__Data extract__:
--

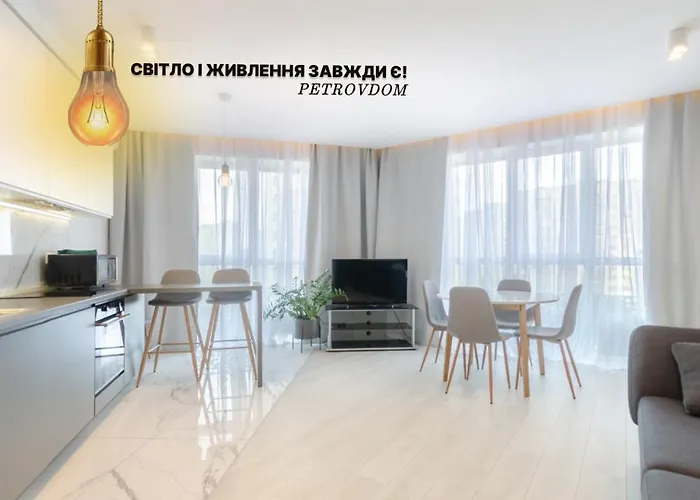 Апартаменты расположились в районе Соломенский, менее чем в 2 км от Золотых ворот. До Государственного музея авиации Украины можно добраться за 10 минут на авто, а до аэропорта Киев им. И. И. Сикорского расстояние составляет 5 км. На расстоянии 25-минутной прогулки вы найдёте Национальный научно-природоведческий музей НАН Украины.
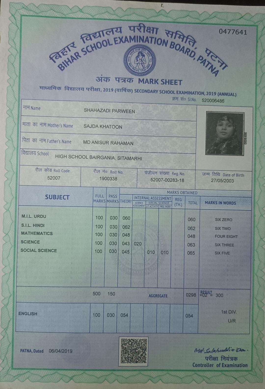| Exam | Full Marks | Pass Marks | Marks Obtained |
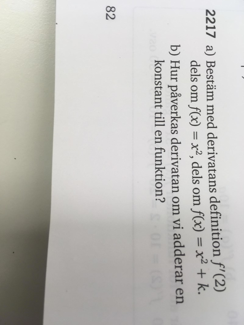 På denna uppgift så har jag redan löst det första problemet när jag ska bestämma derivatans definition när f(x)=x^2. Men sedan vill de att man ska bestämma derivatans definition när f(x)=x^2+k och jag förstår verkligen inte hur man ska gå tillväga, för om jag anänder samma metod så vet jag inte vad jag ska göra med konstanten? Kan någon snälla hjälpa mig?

--

__Task directions__:
Write out an exact copy of the lines beginning at the line that contains "Marks Obtained |" and ending at the last line of the listing. Exclude pictures.

__Task solution__:
| Exam | Full Marks | Pass Marks | Marks Obtained |
 På denna uppgift så har jag redan löst det första problemet när jag ska bestämma derivatans definition när f(x)=x^2. Men sedan vill de att man ska bestämma derivatans definition när f(x)=x^2+k och jag förstår verkligen inte hur man ska gå tillväga, för om jag anänder samma metod så vet jag inte vad jag ska göra med konstanten? Kan någon snälla hjälpa mig?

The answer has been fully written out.